Previously, we hadn’t implemented any approach for orchestration on datalab, but with the new ML package, this gained more relevance, so we opted to use just for handling tasks via the command line. This is yet another great tool built in Rust, that mimics the make command, but it’s specifically designed for running tasks, as a opposed to building files. Implementing tasks in a Makefile usually requires that those targets are added as dependencies of the .PHONY target, so that make knows they won’t produce a file. This would avoid that a task with a name matching an existing file would be skipped due to the file existing and being up-to-date. Instead, when using a justfile, all targets are essentially .PHONY. In addition, since just is a tool specifically designed to run tasks, it also provides several utilities that simplify your life. For example, preloading your existing .env is as easy as adding:

set dotenv-load

And while make will run using /bin/sh by default, just will use your login shell by default. Additionally, just also supports positional parameters with default values, and it provides a simple way to list all tasks and their parameters:

just -l

A good way to setup your justfile is to use this as your first task:

default:
    just -l

The first task is the one that’s run by default when invoking just without any arguments. And yes, just can call just from other tasks. For example, we do this:

check-init-sql:
    test -r {{init_sql_path}} || just generate-init-sql

It also distinguishes internal variables from environment variables:

engine_db_path := join(local_dir, env_var("ENGINE_DB"))

check-engine-db:
    test -r {{engine_db_path}}

So, if your orchestration needs don’t require something like Apache Airflow or Prefect, and make or shell scripting don’t quite do it, you should consider just using just.

Training and Tracking
#

As a way to test our workflow, we decided to train a model to classify user-generated text as depression or not depression.
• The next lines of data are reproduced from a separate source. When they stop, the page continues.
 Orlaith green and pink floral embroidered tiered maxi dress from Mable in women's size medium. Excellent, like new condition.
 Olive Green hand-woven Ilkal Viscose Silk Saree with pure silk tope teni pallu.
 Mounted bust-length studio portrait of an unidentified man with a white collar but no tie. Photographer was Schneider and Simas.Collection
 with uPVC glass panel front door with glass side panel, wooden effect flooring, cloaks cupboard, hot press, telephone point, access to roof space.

For training and testing, we used the ShreyaR/DepressionDetection dataset from Hugging Face. This was ingested and transformed as usual, using our dbt and DuckLake workflow.

We then trained four models, combining two algorithms and two feature sets:

Logistic Regression + TF-IDF
Logistic Regression + Embeddings (all-MiniLM-L6-v2)
XGBoost + TF-IDF
XGBoost + Embeddings (all-MiniLM-L6-v2)

For each model, we tracked the following metadata and artifacts on MLflow:

Metadata
- Data source (dataset tags)
- Algorithm/method used
- Features used
- Hyperparameter grid
- Cross-validation config
- Evaluation metrics (validation and testing)
- Input datasets (schema and shape)
Artifacts
- Serialized model with input/output signature
- Python dependencies

We used the following two helper functions, at the beginning and end of our training function, which helped to keep the training code clean.
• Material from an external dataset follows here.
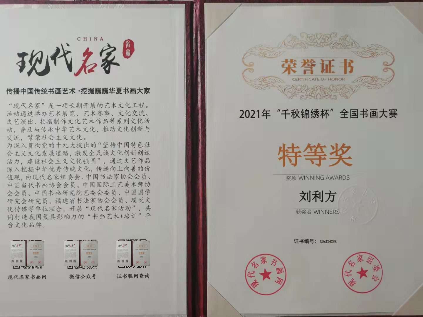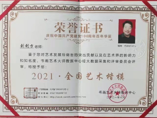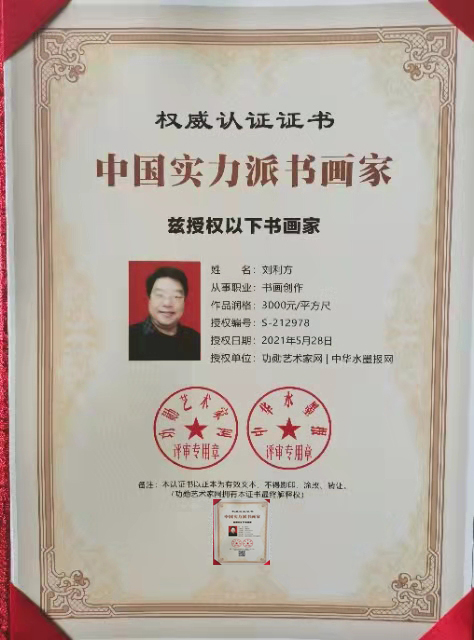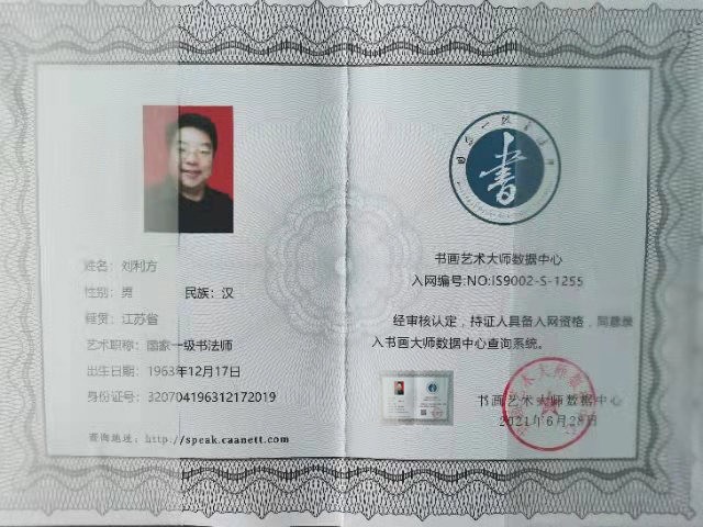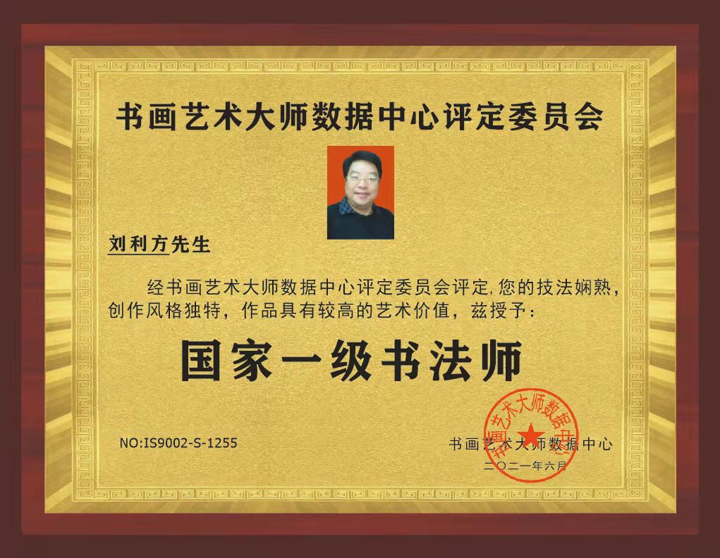 刘利方(丹青)1964年,出生于江苏省连云港市,建筑工程师,江苏省政府采购中心评审专家,数字经济参研人,自幼酷爱书画;曾多次获得全国各地书法界的不同奖项,近期1921~2021年建党100周年,荣获全国书画艺术楷模,2021年参加现代名家“千秋锦绣杯”全国书画艺术大赛,荣获第一名(特等奖);现为江苏省书法家协会会员,中国香港书法家协会会员,中国实力派书画家,国家一级书法师。刘利方老师的字,经成年累月的揣摩,砥砺出一笔笔铿锵有力、独领风骚的墨迹!其色,其形,其浓淡枯湿,其断连辗转,粗细藏露皆变数无穷,气象万千;书法里融入了儒家的坚毅,果敢和进取,也蕴涵了老、庄的虚淡,散远和沉静闲适,还往往以一种不求丰富变化,在运笔中省去尘世浮华,以求空远真味的意韵,深受大众及专家的好评,部分作品被国内外好多家机构和友人收藏。

At the beginning of a run (training starting), we point to the correct MLflow server, create the experiment, if it doesn’t exist, and start a run with a name based on the algorithm/method and feature set. Then, we use mlflow.set_tags to track metadata, including dataset based metadata, which is not yet visible in the current version of the MLflow UI when associated with a logged dataset directly. We also use mlflow.log_inputs to log the schema and size of the training and test sets. See next:

def mlflow_start_run(
    experiment_name: str,
    run_name: str,
    tags: dict[str, Any],
    datasets: list[Dataset],
    dataset_tags: dict[str, Any],
):
    tracking_uri = env.str("MLFLOW_TRACKING_URI")
    mlflow.set_tracking_uri(tracking_uri)
    log.info("MLflow tracking URI: {}", tracking_uri)

    mlflow.set_experiment(experiment_name)
    log.info("MLflow experiment: {}", experiment_name)

    mlflow.start_run(run_name=run_name)
    log.info("MLflow run: {}", run_name)

    log.info("MLflow: logging tags and input datasets")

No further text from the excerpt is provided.